Namibia bans hunting bans

Hunting has long been in the crosshairs of animal rights groups, and anti-hunting arguments ramped up after Cecil the Lion was killed in Zimbabwe nearly a year ago. But one African country refuses to cave to the pressure.

No matter whether Zimbabwe’s Cecil the Lion was harvested legally or poached back in July, his death caused a huge uproar. The circumstances surrounding the hunt led to charges being filed against the American who shot him, though they were later dismissed. The hoopla over the hunt also caused several airlines to ban the transport of hunting trophies, making it hard for even squeaky-clean hunters to get their game home. In addition, it led to bans on hunting in Zimbabwe and other African countries.

Hunting is a very important tool for wildlife management, though, as well as being an important component of the economies of the countries that allow it. The management aspect was made clear earlier this year, when one of Zimbabwe’s largest wildlife reserves announced it would have to relocate or kill up to 200 lions. This population problem had been kept in check before the Cecil incident, when hunting was allowed. But after the hunting ban, reserve managers were forced to deal with the lions themselves.
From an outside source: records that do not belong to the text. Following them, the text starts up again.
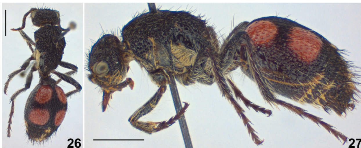
Figures 26–27. Traumatotutilla diabolica (Gerstaecker, 1874). 26) Habitus, dorsal view. 27) Habitus, lateral view. Scale bar: 3 mm.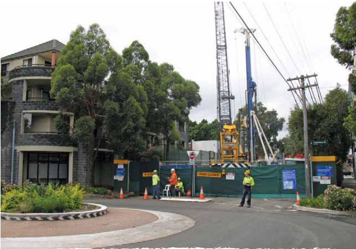
Consider bored piling to reduce noise and vibration (DECC)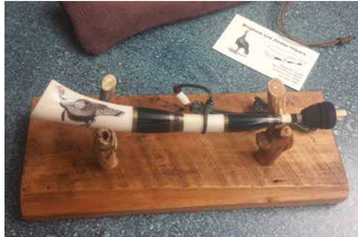
FOR THE BIRDS: This turkey call, made by Wingbone and Jordan Yelpers, is one of the items donated to a recent Adams County 4-H Benefit Auction.

No gift is too big or too little, the co-chairs agree.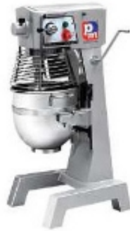
Planetary Mixer PLM 30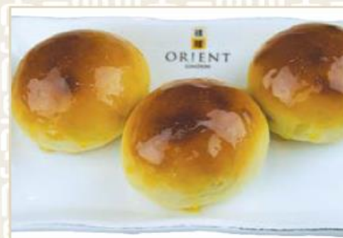
叉燒餐飽仔 Baked mini roast pork buns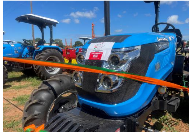
Figure 2 Part of the equipment handed over including ten tractor sets with planters, boom sprayers, dick tray, disk harrow, plough and shellers.

In an inspiring handover ceremony, the Citizens Economic Empowerment Commission (CEEC) handed over farming equipment to successful applicant under the agricultural mechanisation loan product.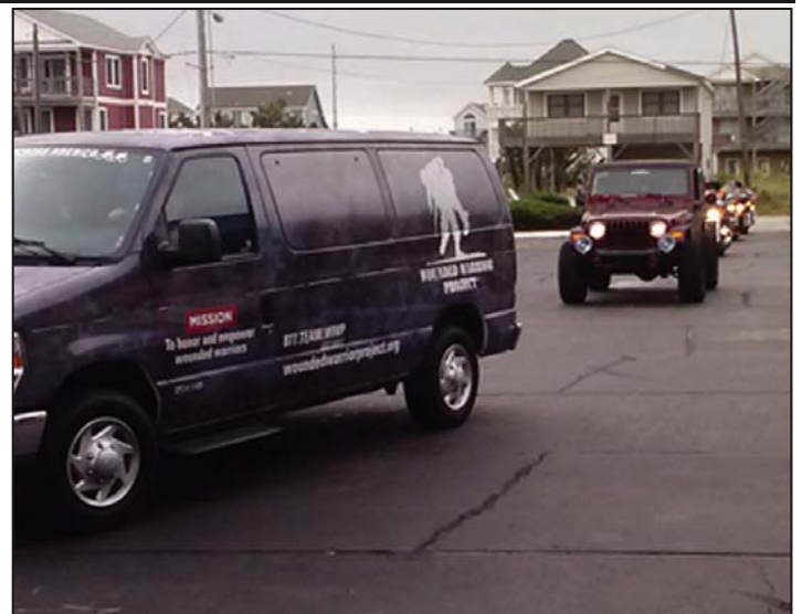
Wounded Warriors arrive with a motor cycle escort (10/12/2013).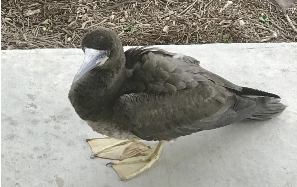
Brown Booby –, 18 Mar 2020, Milam County

Brown Booby – Unbelievably but for photos, an immature Brown Booby was found sleeping on the back porch of a residence in Cameron, Milam 18 Mar. Not surprisingly, it is a first record for Milam.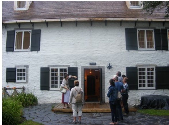
Moulin des Jésuites

The state of conservation of the mill and the bread oven found outside are impeccable. The bread oven was restored and remains a popular attraction for visitors. The inner visit of the mill ended with a tasting of homemade bread from the mill oven, based on the recipe used at that time. This moment was appreciated by all.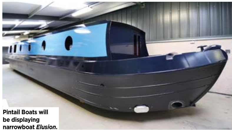
Pintail Boats will be displaying narrowboat Elusion .

WB Elusion is a 54ft by 9ft 3in slim wide-beam with a cruiser stern. It has been designed and built for the luxury canal-boat holiday market and being only slightly wider than a standard narrowboat means it's easy to handle on the water – helped by the Vetus bow-thruster. There's space for up to six people to sleep on board, with king-sized beds that easily convert into singles, and there are two bathrooms. The interior is fitted with oak below the gunwales, with cream paintwork above, and a selection of portholes and hopper windows keep the space light and airy.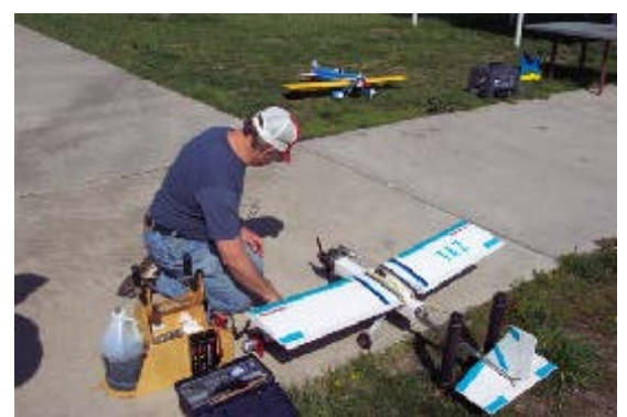
Getting Ready to Fly!

box typically includes a place for a starting battery, tools and basic gear. You may also wish to consider getting a fishing tackle box. A tackle box will often have many small sealed compartments that are perfect for storing small spare parts, such as screws, wheel collars, extra glow plugs, etc. I've listed some of the tools and supplies you will probably need. This is not a complete list and as you progress, you may find the need for additional tools and equipment. Most pilots start with basic tools and slowly build up their flight gear and replace basic items with more advanced items.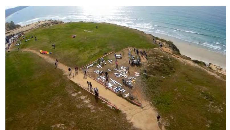
GoPro view of the RC pit area at Torrey taken during the February Fun-Fly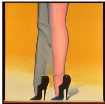
Allen Jones RA First Step , 1966

Oil on canvas, 61 x 51 cm London, Private Collection © Allen Jones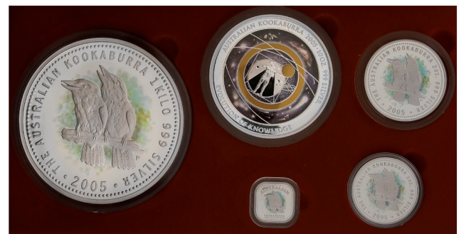
1611* Elizabeth II , Perth Mint proof Kilo Collection, 2005, contains half, one, two, ten ounce and kilo kookaburras. In case of issue, FDC.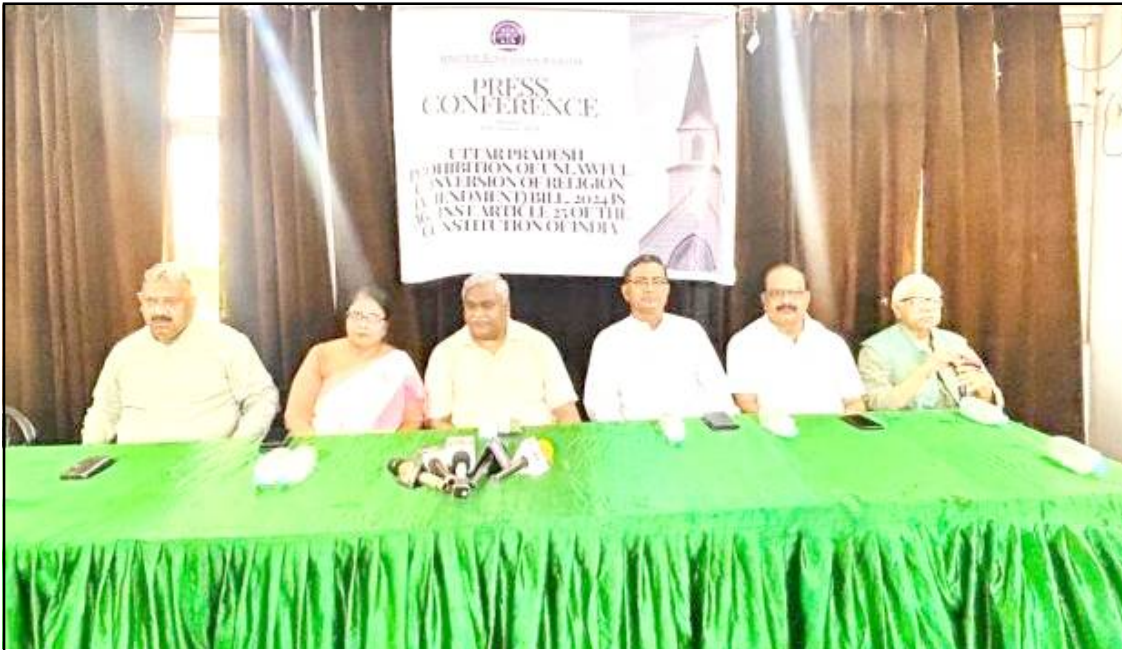
August 19, 2024 nü Uttar Pradesh yimtiba, Lucknow nung United Christian Forum (UCF)-i osangbenertem senden nung jembidang tangokba noksa nung angur.

August 25, 2024: New Delhi nung amenoka aliba United Christian Forum (UCF)-i Lucknow yimti nung Uttar Pradesh Angh, Anandiben Patel nem temepishiba shidi ka agüja Uttar Pradesh Prohibition of Unlawful Conversion of Religion (Amendment) Bill, 2024 atema tebilemstü akaba lemsatepogo. UCF-i, iba özüng tasenba ajanga tamangba yimsü meyipdaksüba atema ano tesashiba inyaksü aser Khristantem densema minorities taliba amokmerentsü mesüra reshikangshitsü, ta metetdaksü.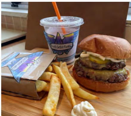
1st ALEX EASTWOOD Burger Fuel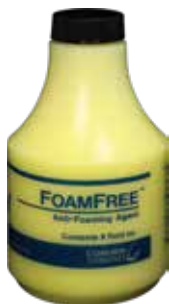
Part No. 163782

Concentrated solutions for use in lens washing equipment. FreeWash assists in the removal of wax, polishing residue and markings. Use in conjunction with FoamFree defoamer to minimize foaming. Mix 1 ounce of concentrated FreeWash with one gallon of water.

But one African country is not letting the anti-hunting crowds bully it. Namibia’s Minister of Environment and Tourism, Pohamba Shifeta, said he will not enact any hunting bans. In fact, he will actively campaign against any bans or hunting restrictions in his country.

He also said that the 5,000 hunters who come to Namibia each year are necessary to both keep animal populations in check, and that they provide the funds needed to protect conserved land and the very animals they hunt.

Maybe somebody should point that out to Zimbabwe.